Querehsha froze completely. The look in his eyes made her earlier fear seem quaint by comparison. She felt like a small animal staring into the eyes of something that hunted gods for sport.

Ethan raised his hand again, and the green magic circle reappeared. Time reversed. Sillad materialized beside Querehsha once more, gasping and disoriented.

"Just like you treated humans as ants," Ethan said, his voice carrying a weight that made the very air feel heavy, "you are like ants to me. Actually, that's unfair to ants—they serve a purpose in their ecosystem.
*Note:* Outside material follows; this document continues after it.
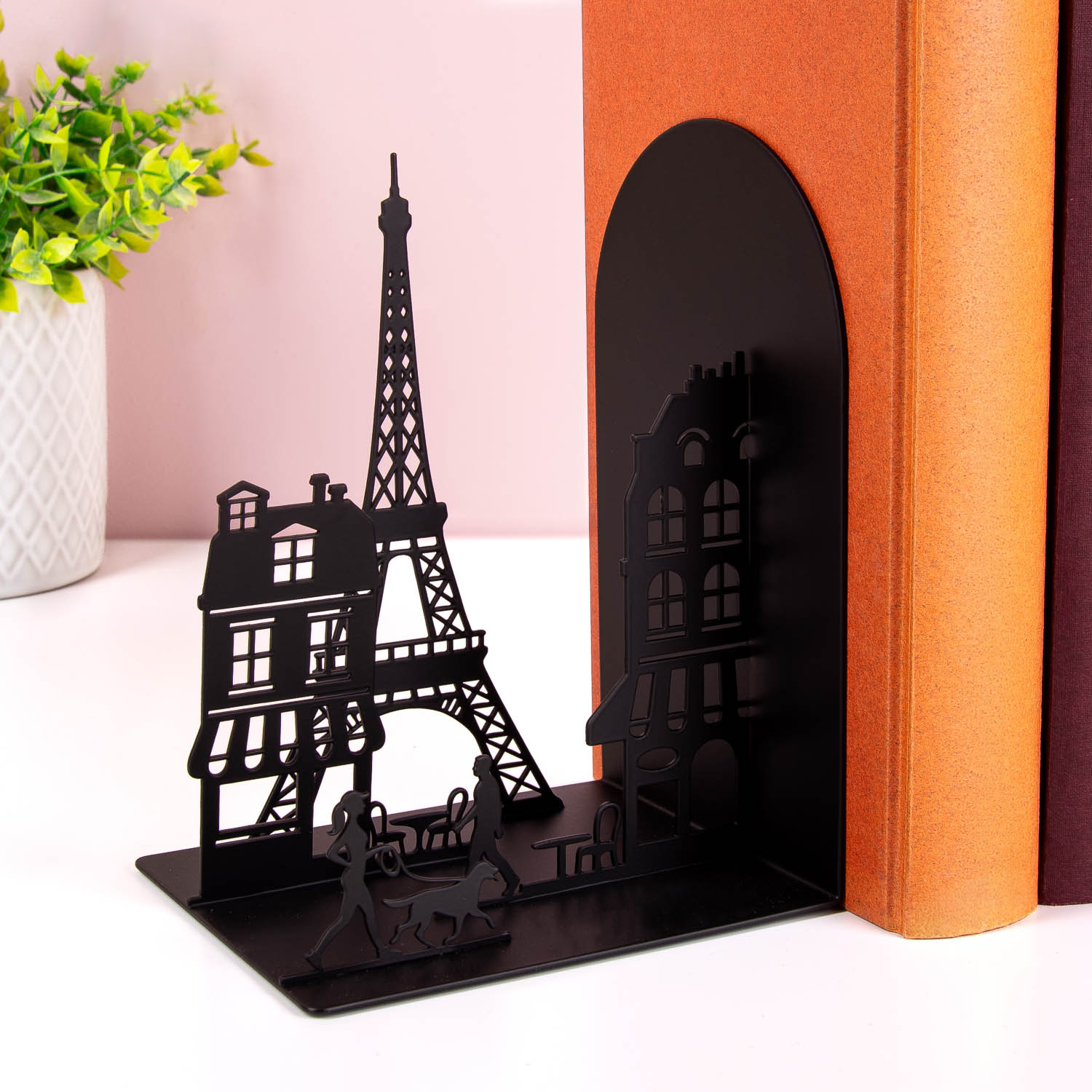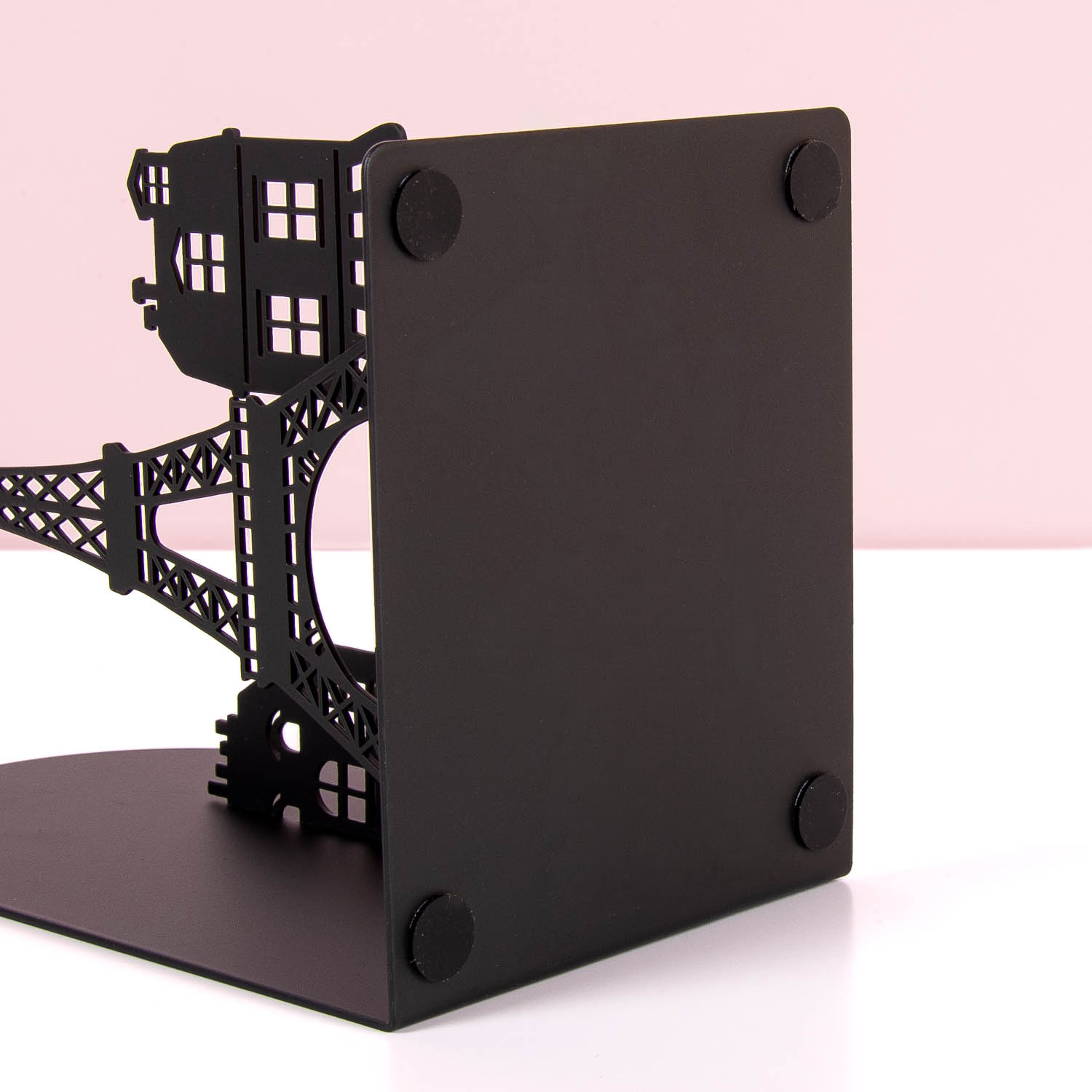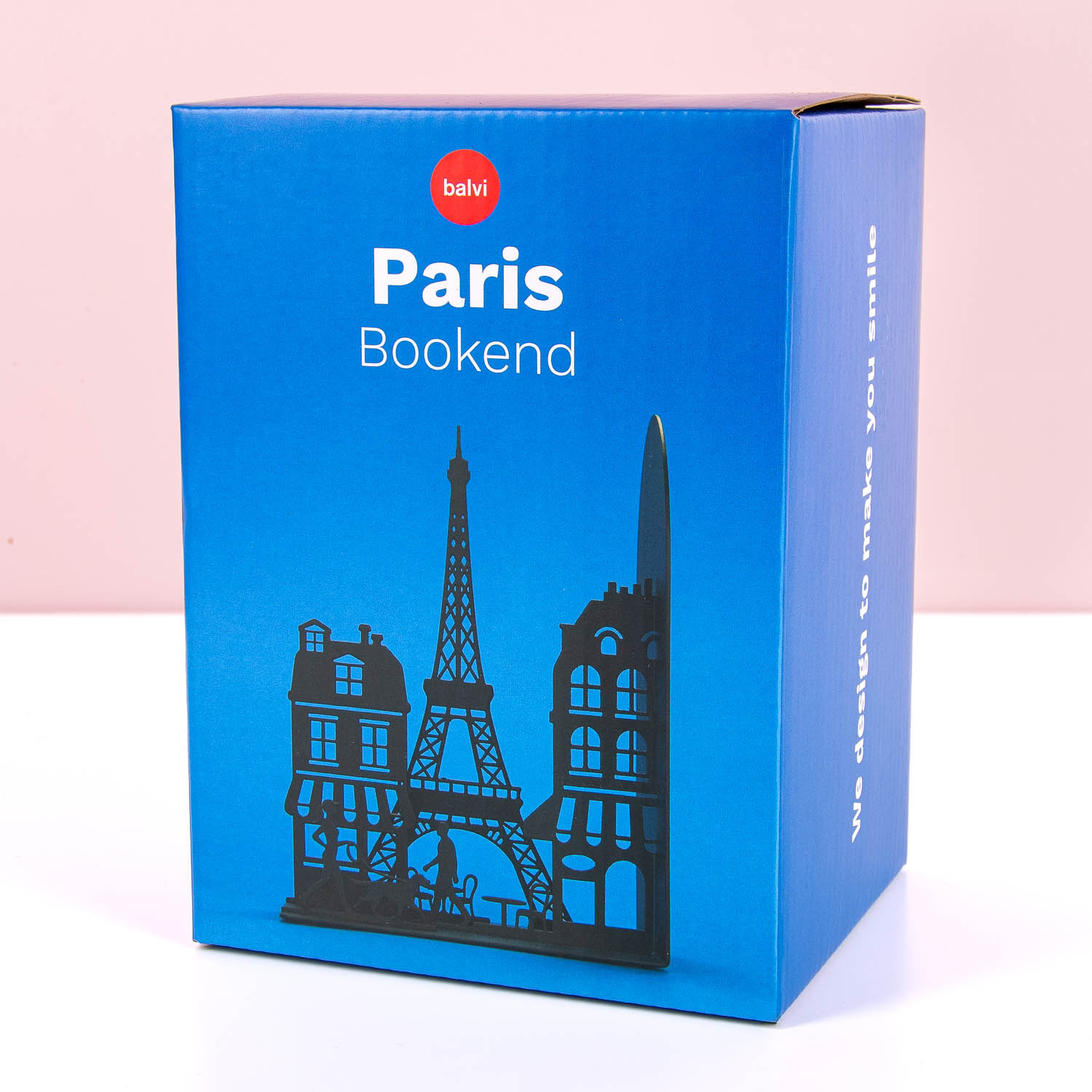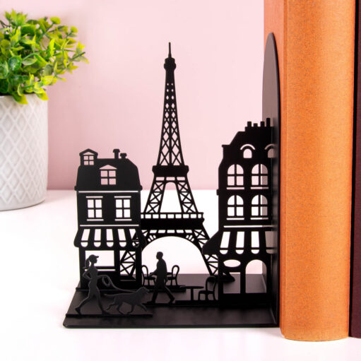Deine Bücher verdienen einen schönen Platz. Die Paris-Buchstütze von Balvi ist eine schwarze Metallbuchstütze mit der Skyline von Paris: dem Eiffelturm, einem klassischen Pariser Bistro und dem ganzen Charme, der dazugehört. Hält deine Bücher aufrecht und verleiht deinem Regal sofort Pariser Flair. Perfekt für alle, die das Lesen und die Stadt der Liebe lieben.

You're more like... intrusive thoughts made flesh. Annoying. Ultimately meaningless. Easy to dismiss."

Jean and Anna's expressions turned serious as they heard the shift in Ethan's tone. They looked at each other and silently communicated through the bond they'd developed over years of being together.

Something had shifted in Ethan. He wasn't just irritated anymore.

They moved forward simultaneously, placing hands on Ethan's shoulders. "Ethan," Jean said gently but firmly. "That's enough. They understand."

"You've made your point, darling," Anna added, her voice carrying warmth and concern. "Come back to us. Don't lose yourself in the anger."

Ethan took a breath, then let it out slowly. His expression softened fractionally as he felt his wives' touch grounding him. But he didn't release the Monarchs from his telekinetic grip.

Instead, he looked at Sillad, who was still panting and disoriented from being destroyed and resurrected. "Are you ready to fight Jean before meeting your final end?"